Найти в Дзене
ИРОНИЯ СУДЬБЫ

НЕРОДНАЯ...

РАССКАЗ. ГЛАВА 2.

РАССКАЗ. ГЛАВА 2.

Взято из открытых источников интернета Яндекс.
Взято из открытых источников интернета Яндекс.

Утро наступило безжалостно, как и всегда.

Первые лучи солнца, косые и холодные, пробились в горницу, осветив пылинки, танцующие в воздухе, и неподвижную фигуру Анны на кровати.

Она не спала.

Всю оставшуюся ночь она пролежала, уставившись в потолок, словно надеясь там найти ответы на вопросы, которые жгли изнутри.

Слёзы высохли, оставив после себя стянутость кожи на щеках и ледяную пустоту в груди.

Тело ныло, но эта физическая боль была ничтожна по сравнению с тем, что творилось в душе — чувством осквернения, предательства и глупой, непоправимой ошибки.

Из соседней комнаты послышался сонный плач Тарасика.

Звук этот, обычно заставлявший её мгновенно вскочить, теперь отозвался в ней странным эхом.

Механически, будто кто-то другой управлял её телом, она поднялась, поправила разорванную ворот ночной рубашки, накинула поверх платок.

Движения были точными, лишёнными привычной лёгкости, будто она собиралась не к детям, а на каторжную работу.

Войдя в комнату, она увидела, что Люся уже сидит в кроватке, потирая кулачками глаза.

Увидев Анну, девочка потянулась к ней, и на её лице расцвела привычная, доверчивая улыбка.

— Мама, — прошептала она.

И Анну пронзило.

Остро, до самой душевной боли.

Это слово теперь звучало не как дар, а как тяжёлая ирония.

Как кандалы. Но она не могла оттолкнуть это тёплое, спросонок тянущееся к ней существо.

Она взяла Люсю на руки, прижала, вдыхая детский запах, и в этот миг ненавидела и себя за эту слабость, и весь мир за такую устроенную жестокость.

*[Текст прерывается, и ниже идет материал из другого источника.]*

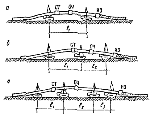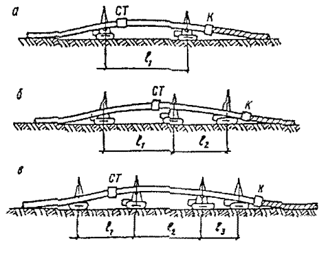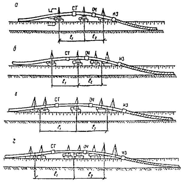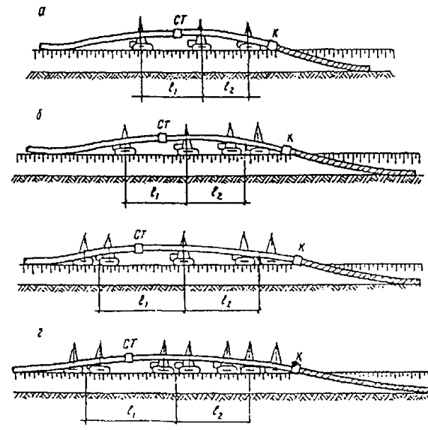 Так, для трубопровода диаметром 219 мм при значении К=3,4, L= 44,8 м. Этот же параметр L (расстояние между первым и последним трубоукладчиками) при укладке трубопровода из труб с толщиной стенки 8 мм составляет всего 17,8 м; здесь достаточно иметь в колонне два трубоукладчика.

На кухне её уже ждал Максим.

Он поставил самовар, на столе лежал нарезанный хлеб.

Он посмотрел на неё быстрым, оценивающим взглядом — искал следы слёз, раскаяния, покорности.

Но лицо Анны было каменной маской. Ничего, кроме усталой сосредоточенности.

— Спит ещё малой? — спросил он деловито, будто вчерашнего не было.

— Проснулся, — коротко бросила она, даже не глядя на него, и принялась готовить кашу для детей.

Его попытка заговорить, начать тот самый «разговор», на который он намекал ночью, разбилась о её ледяное молчание.

Он пробормотал что-то о работе, надел картуз и вышел, хлопнув дверью.

В его уходе была и злость, и какое-то недоумение. Он рассчитывал на слёзы, на скандал, на покорность — на что угодно, но не на эту глухую, абсолютную стену.

День пошёл своим чередом, но всё в нём было иным.

Анна делала всё, что делала всегда: кормила, умывала, убирала.

Но делала это молча, с отстранённым, невидящим взглядом.

Её руки обнимали Тарасика, её пальцы заплетали Люсе косички, но сама она будто наблюдала за этим со стороны.

Любовь и жалость, заставившие её войти в этот дом, не исчезли — они смешались с горечью и чувством ловушки, образовав тягучую массу, отравлявшую каждое её движение.

Старшие дети чувствовали эту перемену.

Стёпка, проходя мимо, косился на неё с ещё большей подозрительностью.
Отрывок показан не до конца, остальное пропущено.